INFORMATION PROVIDED
□ □ □ □ □

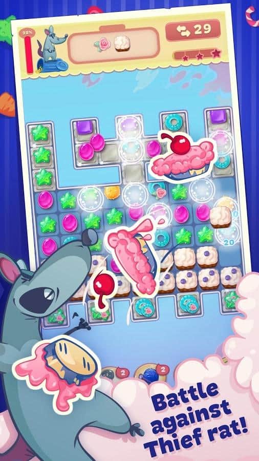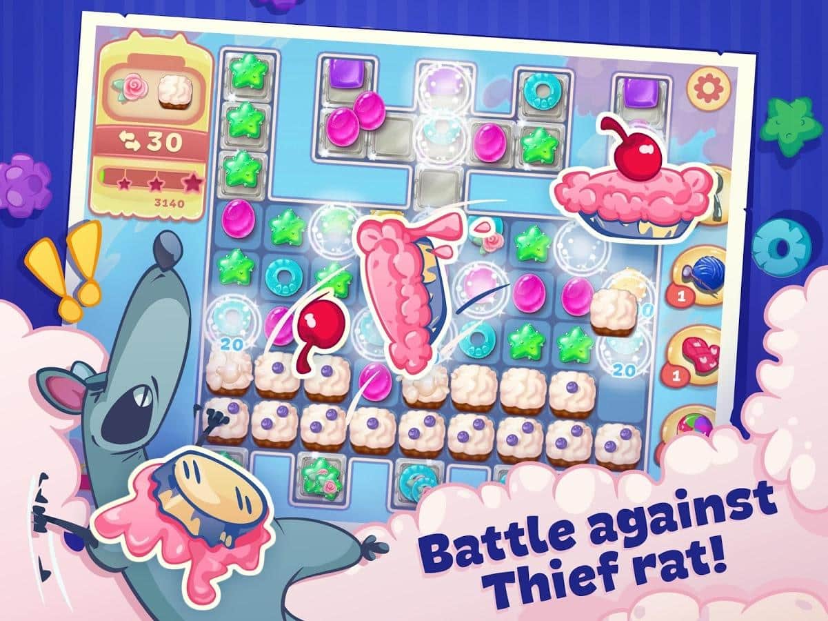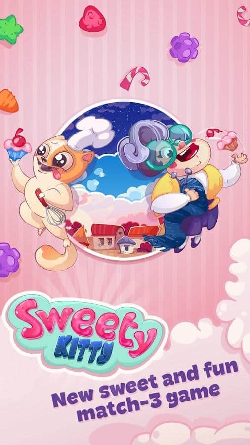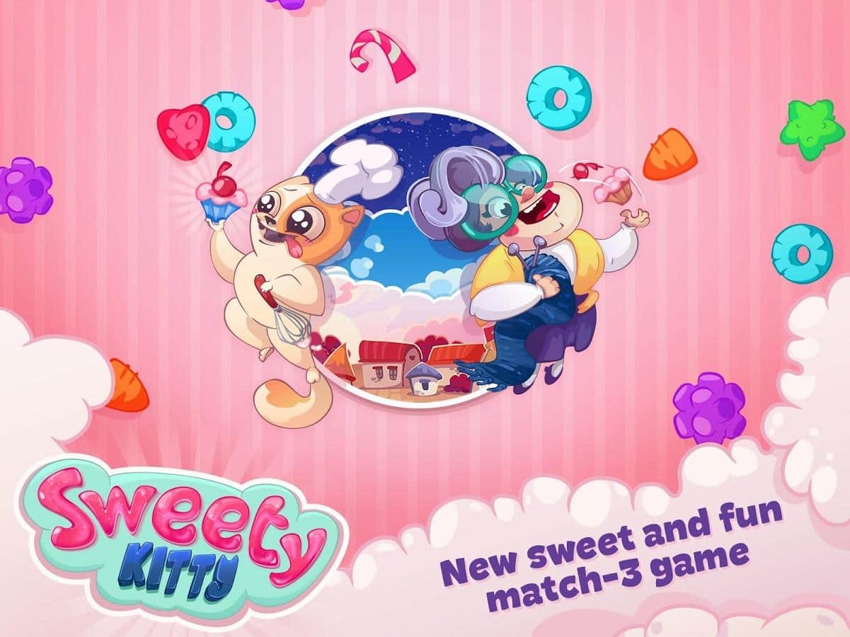 Sweety Kitty – игра из жанра три в ряд на андроид, где вы будете помогать милому котику, стать лучшим шеф-поваром. Наш герой путешествует по всему миру и собирает различные рецепты в свою кулинарную книгу, но на его пути встали коварные крысы, которые мешают ему стать самым лучшим поваром. Составляйте длинные ряды из различных сладостей и подключайте всю свою логику и сообразительность, чтобы без труда проходить все уровни игры. Применяйте многочисленные усиления и бонусы и как можно быстрее проходите все уровни. Побеждайте коварных крыс и не дайте им разрушить ваши планы. Игра порадует вам многочисленными и разнообразными вкусными уровнями.
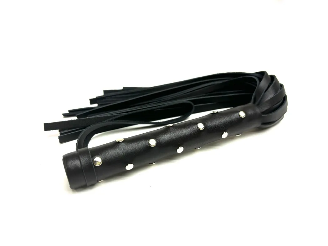 Восхитительная плеть "Звездное небо" из натуральной черной кожи - волнующий элемент для Вашей БДСМ игры. Аксессуар выполнен из качественной кожи, общая длина 43см. Плеть имеет 28 хвостов, их длина 26см. Рукоятка украшена россыпью блестящих хольнитенов, её диаметр 2,5см, для удобства имеется кожаная петелька. Плеть "Звездное небо" украсит Вашу любовную игру и подарит незабываемые приятные моменты! Материал: натуральная кожа, металл
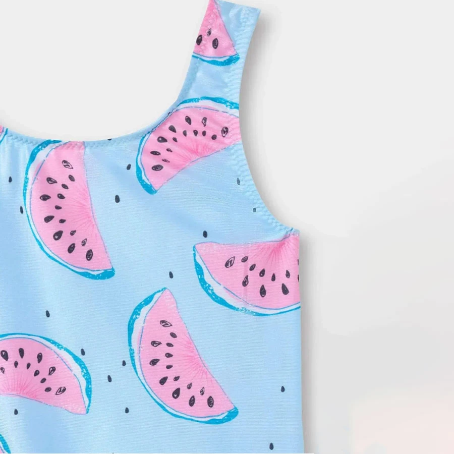 Adorable watermelon-themed swimsuit for baby girls made from soft, stretchy fabric ensuring comfort and fun at the pool or beach
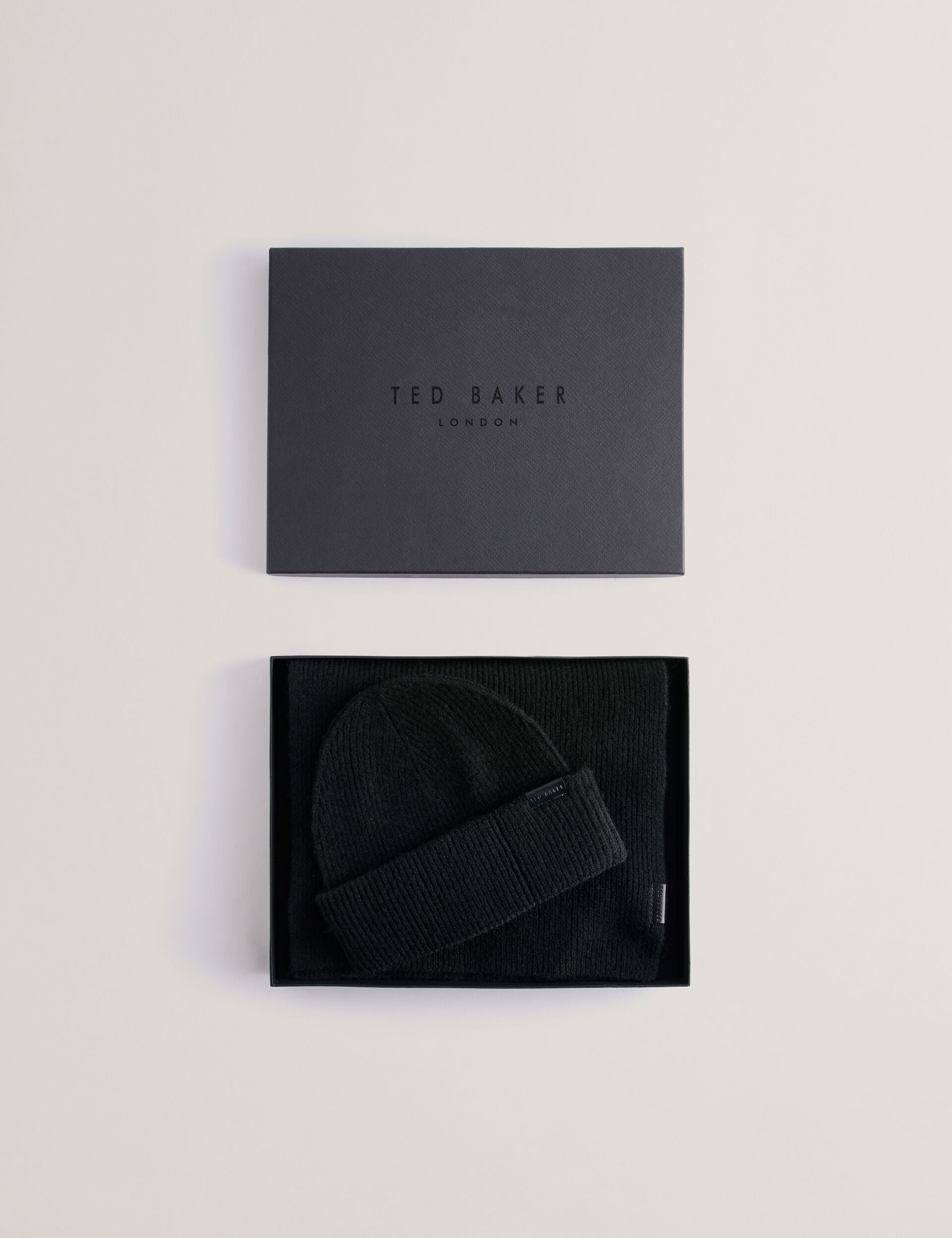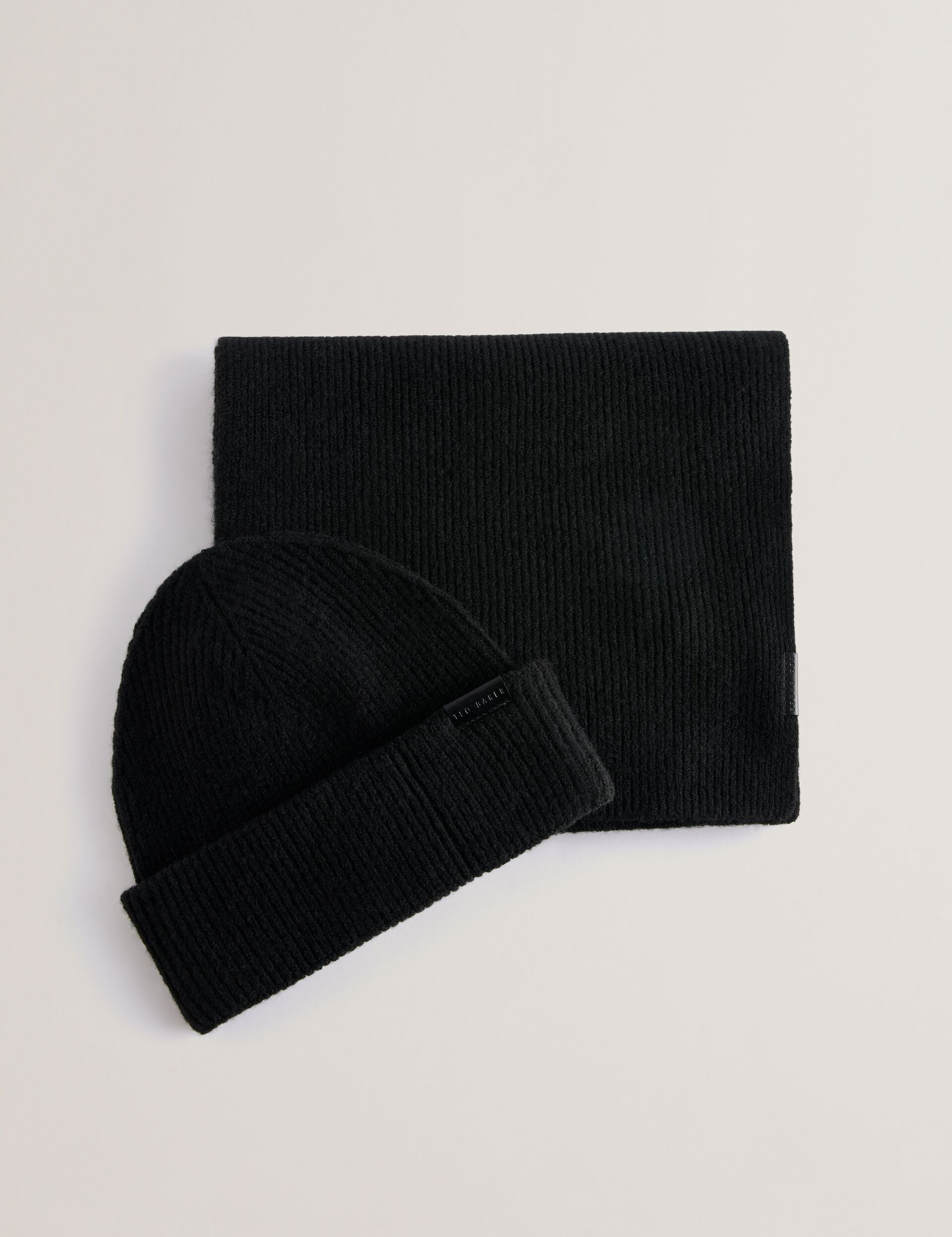 Ted Baker Men’s Alliies – Ribbed Knit Hat And Scarf Set | Black

□ □ □ □ □

In full and without any pictures, print the listing above exactly.

TASK RESPONSE
 Sweety Kitty – игра из жанра три в ряд на андроид, где вы будете помогать милому котику, стать лучшим шеф-поваром. Наш герой путешествует по всему миру и собирает различные рецепты в свою кулинарную книгу, но на его пути встали коварные крысы, которые мешают ему стать самым лучшим поваром. Составляйте длинные ряды из различных сладостей и подключайте всю свою логику и сообразительность, чтобы без труда проходить все уровни игры. Применяйте многочисленные усиления и бонусы и как можно быстрее проходите все уровни. Побеждайте коварных крыс и не дайте им разрушить ваши планы. Игра порадует вам многочисленными и разнообразными вкусными уровнями.
 Восхитительная плеть "Звездное небо" из натуральной черной кожи - волнующий элемент для Вашей БДСМ игры. Аксессуар выполнен из качественной кожи, общая длина 43см. Плеть имеет 28 хвостов, их длина 26см. Рукоятка украшена россыпью блестящих хольнитенов, её диаметр 2,5см, для удобства имеется кожаная петелька. Плеть "Звездное небо" украсит Вашу любовную игру и подарит незабываемые приятные моменты! Материал: натуральная кожа, металл
 Adorable watermelon-themed swimsuit for baby girls made from soft, stretchy fabric ensuring comfort and fun at the pool or beach
 Ted Baker Men’s Alliies – Ribbed Knit Hat And Scarf Set | Black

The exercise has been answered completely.